Note: for guys who've been reading this site for a while, much of
this will be review. However, you might find interesting the notes on
settling - that hasn't been discussed as much. In any event, read on...
It's been pretty disconcerting for me... even among my friends with
good jobs, cool personalities, and plenty of options with women, I've
seen a lot of them "settle" lately.
What I mean by settle is, taking a girl that the guy originally told
me with absolute firmness and certainty he was not
going to stick with long term... and then moving in together with her,
getting engaged to her, or marrying her. This has been happening with a
lot of guys I know lately, and
it's nothing short of surprising to me. And it's made me ask myself the
If she wasn't good enough for him before, why's she suddenly good enough for him now?
Either she got better, or he got worse. Or...
whatever confidence he had in his ability to do "better" that he had in
the past has, somewhere in between the two points, slipped away.
I read a lot of books and watched a lot of movies when I was young. I didn't have friends, partly by choice, partly not, so I spent a lot of time learning about the world through the lessons they taught, rather than through the lessons of hands-on experience. And one of the things that stood out to me the most was the sheer number of stories that contained the melancholy thread of the hero giving up on his grand dreams and settling for an ordinary life.
To me, this was always terrifying; to give up one's dreams in order to live, in effect, the same exact life as everybody else? But as I looked around me, it seemed that most weren't that bothered by it.
I mean, they were bothered by it, but it was an under-the-surface kind of bother; they'd accepted their lots in life, and accepted that they had something that was good enough, and that they probably weren't going to be able to get more than that, if they were going to be realistic about it.
I wanted to make sure I never ended up in that place, where I was doing my best to ignore unrequited desires and instead struggling to content myself with a "good enough" life.
To me, there seem to be 4 core areas that people will settle on:
- Their romantic partner(s) being "good enough"
- Their career or business being "good enough"

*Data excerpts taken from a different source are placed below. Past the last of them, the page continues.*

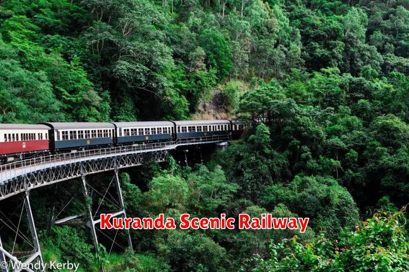 The Kuranda Scenic Railway offers a remarkable journey through the lush rainforests of Tropical North Queensland. This historic railway winds its way from Cairns to Kuranda, a charming mountain village.
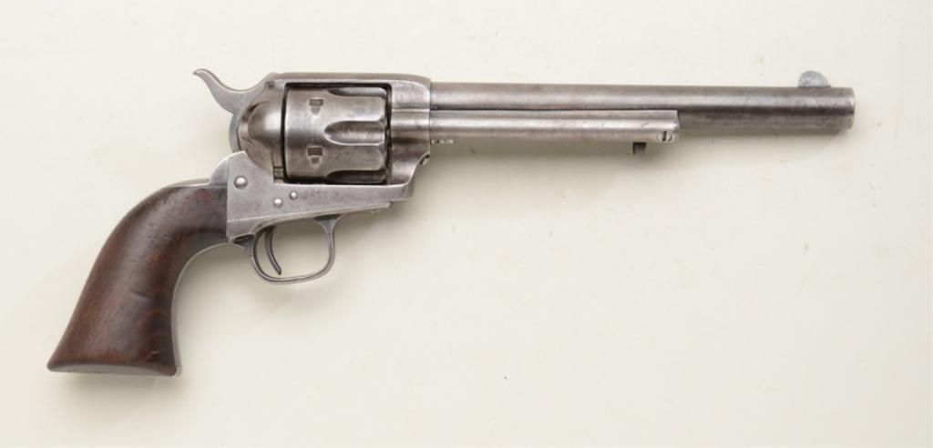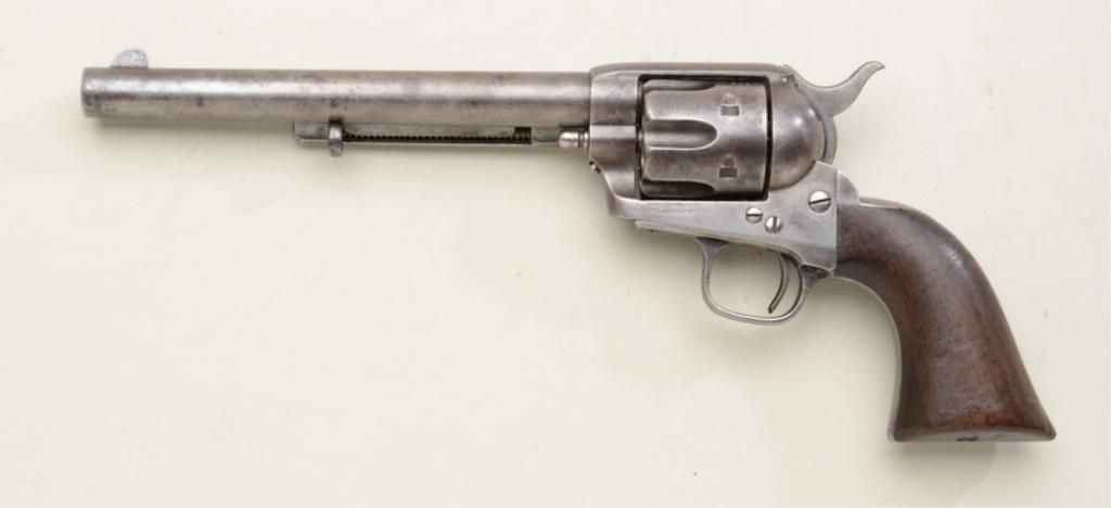 Colt Single Action Army revolver, .45 caliber, 7-1/2” barrel, early civilian series with two-line patent date, serial #26932, made approx. 1875. Factory letter confirms all features except stocks “Not Listed”.Shipped to H&D Folsom Arms Co., New York, NY, September 27th 1876. 50 guns in shipment. The revolver remains in original good to very good condition showing traces of original blue and case hardened finish whereprotected. Evenly drifting to a grey patina with some scattered light erosion and pinprick pitting. There is some bright blue in the flutes of the cylinder and where protected, bottom of ejector rod housing,approx. 5-10%. The wood grips are good with some small tacking marks from hammering horseshoes on the bottom, a couple small losses, but generally good overall with good sharp barrel address and fully legible patent dates. The front sight shows blue and is nearly its full height slimmed just slightly. There are some marks on the bottom of the barrel from removing cylinder pin. The ejector rod housing, cylinder pin, ejector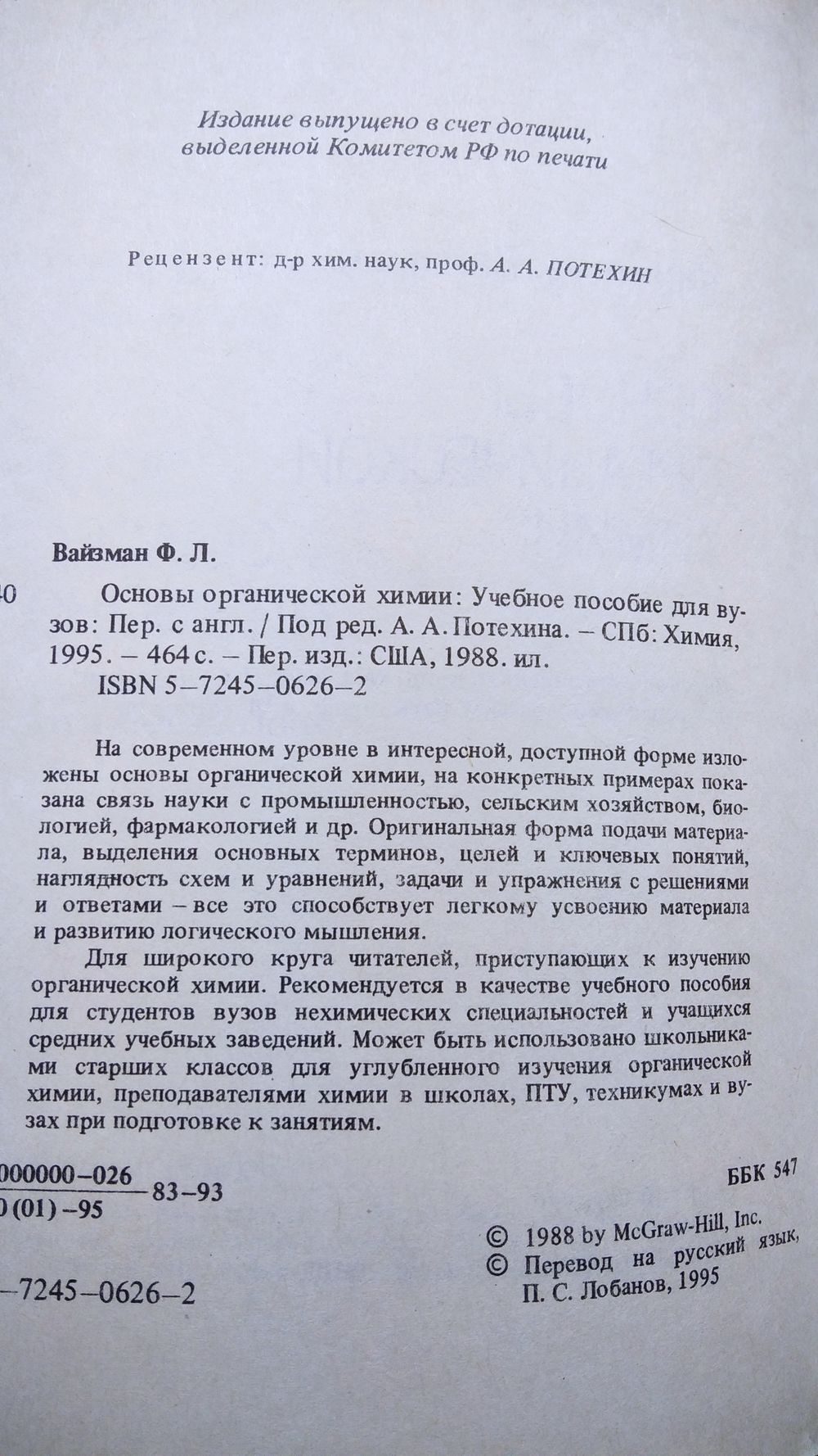 На современном уровне в интересной, доступной форме изложены основы органической химии, на конкретных примерах показана связь науки с промышленностью, сельским хозяйством, биологией, фармакологией и др. Оригинальная форма подачи материала, выделения основных терминов, целей и ключевых понятий, наглядность схем и уравнений, задачи и упражнения с решениями и ответами - все это способствует легкому усвоению материала и развитию логического мышления. Для широкого круга читателей, приступающих к изучению органической химии. Рекомендуется в качестве учебного пособия для студентов вузов нехимических специальностей и учащихся средних учебных заведений. Может быть использовано школьниками старших классов для углубленного изучения органической химии, преподавателями химии в школах, ПТУ, техникумах и вузах при подготовке к занятиям.

- Their lifestyle being "good enough"
- Their skills being "good enough"
To understand why this happens, and why people let go of the idealistic visions of their youth and move toward accepting their lot in life, typically around 30 to 35 years of age in the Western world (sometimes a little earlier, sometimes a little later), we need to dive into some evolutionary psychology, and the way threats and opportunities play out in the mind at a very deep, subconscious level.
Why Settling Makes Sense (Evolutionarily Speaking)
In the article on victim mentality, we discussed the underlying reason why it makes sense from a natural selection standpoint that people get discouraged and give up (i.e., to dissuade them from pursuing quixotic undertakings that leave them total failures).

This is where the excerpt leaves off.